Face à ce type de préjugés très répandus, une stratégie de survie particulière peut être mise en place dans le chef des personnes afro-descendantes : tout faire pour ne pas confirmer ce stéréotype. Que ce soit à l’école ou sur le lieu de travail, il s’agira par exemple pour une personne Afro-descendante de ne pas arriver en retard, ou plus généralement d’être attentive afin d’éviter d’avoir des attitudes qui pourraient renforcer des stéréotypes à l’égard de ce groupe social. Cette stratégie (parmi d’autres), consciente ou pas, participe de ce que l’on appelle la charge raciale.
À l’inverse, dans une société structurée autour de la blanchité comme norme sociale, les personnes perçues comme blanches sont libérées de cet énorme poids psychologique. Elles n’entendront jamais par exemple, une employeuse dire « j’ai déjà engagé une fois une personne blanche, plus jamais ça ». De même, si une personne blanche arrive en retard en classe ou en réunion, ce sera pour toute une série de raisons (embouteillage, panne de réveil, personnalité, ...), mais pas en raison d’un stéréotype qui frappe l’ensemble du groupe auquel elle est assignée. Une personne blanche ne représente ainsi jamais son groupe social : elle est unique. À l’inverse, une personne noire qui arrive en retard aura tendance à renforcer des imaginaires existants et à susciter des réactions (blagues, remarques, insultes...) qui seront autant de micro-agressions et violences symboliques.
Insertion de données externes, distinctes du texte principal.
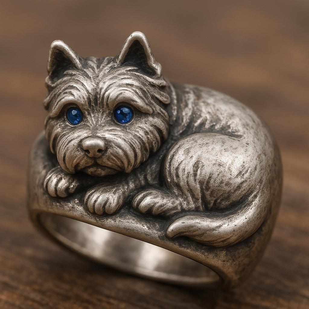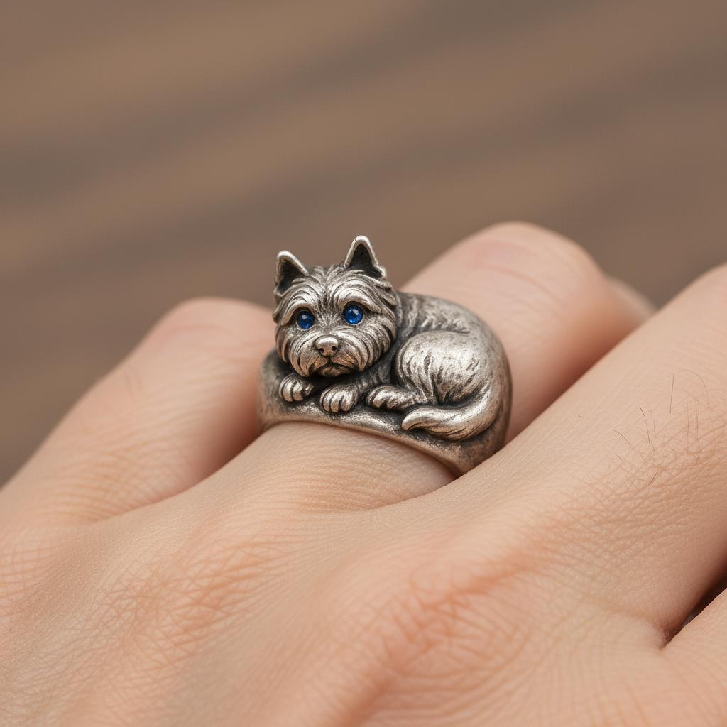 💫 Blue-Eyed Puppy Ring🐶 Crafted from S925 sterling silver, this exquisite Blue-Eyed Puppy Ring 🐾 Features a lovably curled puppy resting atop the band, with sparkling deep blue zircon eyes that shine like tiny stars The textured fur details offer a heartwarming lifelike charm, making the little pup appear as if it's quietly keeping you company This piece symbolizes loyalty and companionship — perfect for dog lovers and those who treasure heartfelt bonds💙

Le fait d’être ou non perçu.e comme blanc.he a des implications sur le vécu social des individus. Si l’on n’a pas conscience de ce qu’implique le fait d’être blanc.he dans notre société et des privilèges ou facilités que cela implique, on n’est pas en mesure de comprendre ce que cela implique de ne pas l’être (et en particulier le poids de cette charge raciale au quotidien et ses impacts en termes de santé). Pour en savoir plus, depuis avril 2020, un compte Instagram recense les témoignages et diffuse des articles pour expliquer le phénomène de charge raciale.
Dans cette situation précise, l’enseignante n’a pas conscience de ce qui se joue chez le jeune garçon : à ses yeux, il s’agit uniquement d’un enfant qui arrive en retard en classe. Il ne s’agit pas de remettre en question la mauvaise intention de la professeure mais bien d’insister sur un point particulier : dans notre société, nous n’avons pas la même expérience sociale selon que l’on soit perçu e comme blanc he ou pas. En ayant conscience de cela, l’enseignante pourra comprendre ce qu’il se passe et réagir d’une autre façon.